_Work to complete_
Could you copy exactly the lines below from the one with "Geometric jute runner" to the one with "图15?海洋铁路岔洋河特大桥64m钢桁梁采用整孔浮吊法施工架设", inclusive, leaving out any pictures?

_Listed records_
————————

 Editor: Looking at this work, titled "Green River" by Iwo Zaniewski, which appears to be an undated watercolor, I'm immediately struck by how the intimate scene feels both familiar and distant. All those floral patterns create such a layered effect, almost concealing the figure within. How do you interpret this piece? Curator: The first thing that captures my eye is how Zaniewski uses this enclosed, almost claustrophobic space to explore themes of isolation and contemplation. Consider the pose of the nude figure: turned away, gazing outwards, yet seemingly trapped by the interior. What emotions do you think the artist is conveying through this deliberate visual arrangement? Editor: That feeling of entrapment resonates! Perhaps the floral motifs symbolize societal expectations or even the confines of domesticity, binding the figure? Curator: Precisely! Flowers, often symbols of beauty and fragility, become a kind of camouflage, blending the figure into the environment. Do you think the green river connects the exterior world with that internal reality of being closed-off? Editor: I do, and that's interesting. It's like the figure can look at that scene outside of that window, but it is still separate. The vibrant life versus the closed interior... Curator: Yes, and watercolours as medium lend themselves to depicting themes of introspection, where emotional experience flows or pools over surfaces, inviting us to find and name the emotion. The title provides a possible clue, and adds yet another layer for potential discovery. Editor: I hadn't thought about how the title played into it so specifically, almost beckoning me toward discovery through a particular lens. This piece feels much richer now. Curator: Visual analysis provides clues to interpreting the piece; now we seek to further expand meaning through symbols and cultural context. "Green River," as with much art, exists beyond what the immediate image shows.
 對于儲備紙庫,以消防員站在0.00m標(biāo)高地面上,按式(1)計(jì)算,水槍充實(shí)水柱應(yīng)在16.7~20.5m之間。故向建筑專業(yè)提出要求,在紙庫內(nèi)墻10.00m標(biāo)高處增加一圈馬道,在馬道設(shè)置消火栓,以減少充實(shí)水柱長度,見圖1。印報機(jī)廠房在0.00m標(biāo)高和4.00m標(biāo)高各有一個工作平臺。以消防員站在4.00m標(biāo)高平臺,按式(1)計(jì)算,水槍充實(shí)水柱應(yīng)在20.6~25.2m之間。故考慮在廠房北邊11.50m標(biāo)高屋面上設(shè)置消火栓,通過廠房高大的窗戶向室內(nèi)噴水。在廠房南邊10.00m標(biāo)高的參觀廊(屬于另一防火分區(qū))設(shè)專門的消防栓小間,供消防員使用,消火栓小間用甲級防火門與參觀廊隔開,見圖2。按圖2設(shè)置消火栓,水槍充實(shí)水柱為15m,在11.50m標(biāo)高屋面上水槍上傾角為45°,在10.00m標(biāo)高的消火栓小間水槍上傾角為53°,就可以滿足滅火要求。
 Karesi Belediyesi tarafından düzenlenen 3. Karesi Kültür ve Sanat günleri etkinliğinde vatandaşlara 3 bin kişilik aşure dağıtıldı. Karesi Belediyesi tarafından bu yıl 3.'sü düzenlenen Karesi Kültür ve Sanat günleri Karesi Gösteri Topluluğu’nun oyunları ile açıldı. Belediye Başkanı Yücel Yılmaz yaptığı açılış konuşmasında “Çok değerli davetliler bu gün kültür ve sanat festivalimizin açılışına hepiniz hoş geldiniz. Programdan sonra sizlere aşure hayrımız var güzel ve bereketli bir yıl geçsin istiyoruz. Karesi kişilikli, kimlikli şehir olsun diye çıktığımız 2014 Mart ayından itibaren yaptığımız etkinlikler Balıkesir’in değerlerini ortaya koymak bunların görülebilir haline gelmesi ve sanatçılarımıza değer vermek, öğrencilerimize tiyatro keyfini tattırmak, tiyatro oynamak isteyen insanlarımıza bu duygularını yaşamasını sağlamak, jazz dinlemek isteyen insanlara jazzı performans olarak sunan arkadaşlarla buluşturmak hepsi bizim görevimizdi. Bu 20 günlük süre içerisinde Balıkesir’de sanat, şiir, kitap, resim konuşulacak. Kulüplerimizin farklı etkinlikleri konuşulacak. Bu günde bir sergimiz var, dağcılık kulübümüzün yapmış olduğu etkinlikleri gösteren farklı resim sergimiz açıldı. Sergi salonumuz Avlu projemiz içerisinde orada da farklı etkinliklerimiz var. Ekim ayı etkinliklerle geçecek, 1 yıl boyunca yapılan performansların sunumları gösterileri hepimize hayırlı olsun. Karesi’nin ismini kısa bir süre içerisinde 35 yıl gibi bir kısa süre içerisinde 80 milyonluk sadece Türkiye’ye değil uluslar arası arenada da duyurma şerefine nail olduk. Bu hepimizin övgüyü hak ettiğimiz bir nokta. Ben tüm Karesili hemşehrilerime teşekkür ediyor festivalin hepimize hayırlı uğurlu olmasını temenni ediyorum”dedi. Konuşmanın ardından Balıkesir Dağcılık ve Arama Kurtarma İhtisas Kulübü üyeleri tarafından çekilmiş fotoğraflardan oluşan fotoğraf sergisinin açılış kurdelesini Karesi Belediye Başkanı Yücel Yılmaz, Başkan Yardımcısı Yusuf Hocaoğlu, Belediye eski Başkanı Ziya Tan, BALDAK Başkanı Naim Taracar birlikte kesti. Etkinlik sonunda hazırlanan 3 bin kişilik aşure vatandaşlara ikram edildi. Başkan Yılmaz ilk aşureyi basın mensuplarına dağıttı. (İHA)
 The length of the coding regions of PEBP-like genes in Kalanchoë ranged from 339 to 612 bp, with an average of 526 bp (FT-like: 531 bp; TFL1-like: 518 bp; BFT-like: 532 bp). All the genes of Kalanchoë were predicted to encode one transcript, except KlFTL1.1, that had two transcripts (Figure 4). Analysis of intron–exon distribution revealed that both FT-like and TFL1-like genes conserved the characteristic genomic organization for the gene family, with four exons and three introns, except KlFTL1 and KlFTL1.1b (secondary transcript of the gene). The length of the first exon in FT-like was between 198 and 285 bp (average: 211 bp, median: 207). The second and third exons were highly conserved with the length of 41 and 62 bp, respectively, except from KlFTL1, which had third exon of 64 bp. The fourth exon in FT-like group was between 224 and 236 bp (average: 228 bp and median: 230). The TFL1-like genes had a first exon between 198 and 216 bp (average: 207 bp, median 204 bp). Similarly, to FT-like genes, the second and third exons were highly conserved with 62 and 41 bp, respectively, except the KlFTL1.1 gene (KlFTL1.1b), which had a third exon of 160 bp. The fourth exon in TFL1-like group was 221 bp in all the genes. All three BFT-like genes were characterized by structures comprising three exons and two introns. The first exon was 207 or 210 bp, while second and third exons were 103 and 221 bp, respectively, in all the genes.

————————

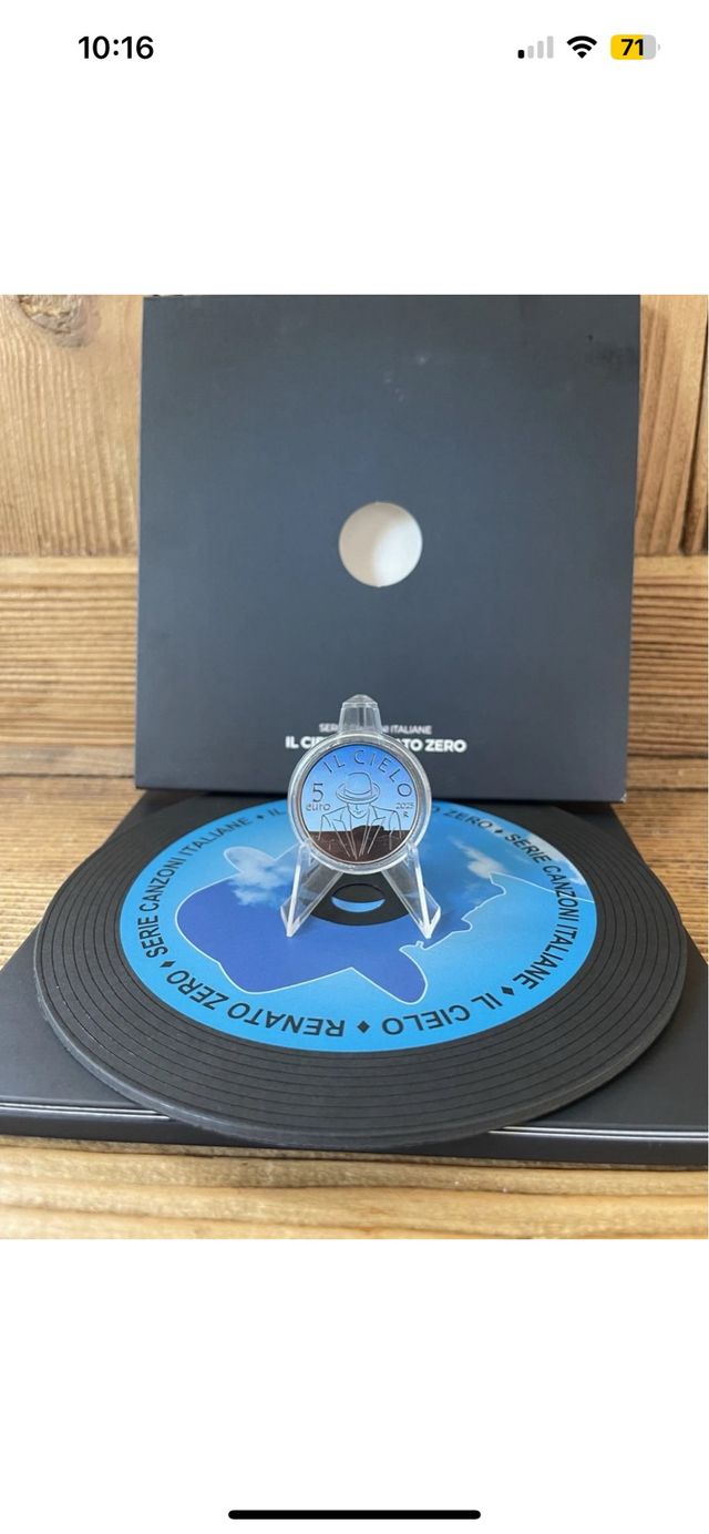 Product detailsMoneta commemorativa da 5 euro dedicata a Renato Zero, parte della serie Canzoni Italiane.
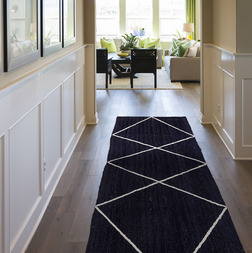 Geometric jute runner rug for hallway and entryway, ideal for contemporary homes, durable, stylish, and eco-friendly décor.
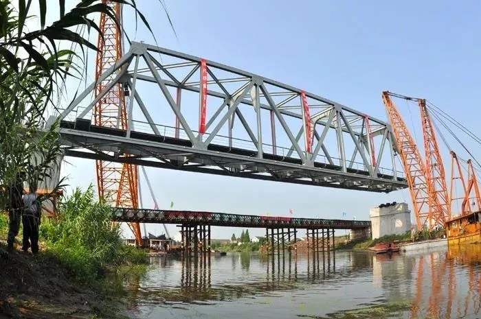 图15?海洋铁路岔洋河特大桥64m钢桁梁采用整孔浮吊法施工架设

————————

_Output for this exercise_
 Geometric jute runner rug for hallway and entryway, ideal for contemporary homes, durable, stylish, and eco-friendly décor.
 图15?海洋铁路岔洋河特大桥64m钢桁梁采用整孔浮吊法施工架设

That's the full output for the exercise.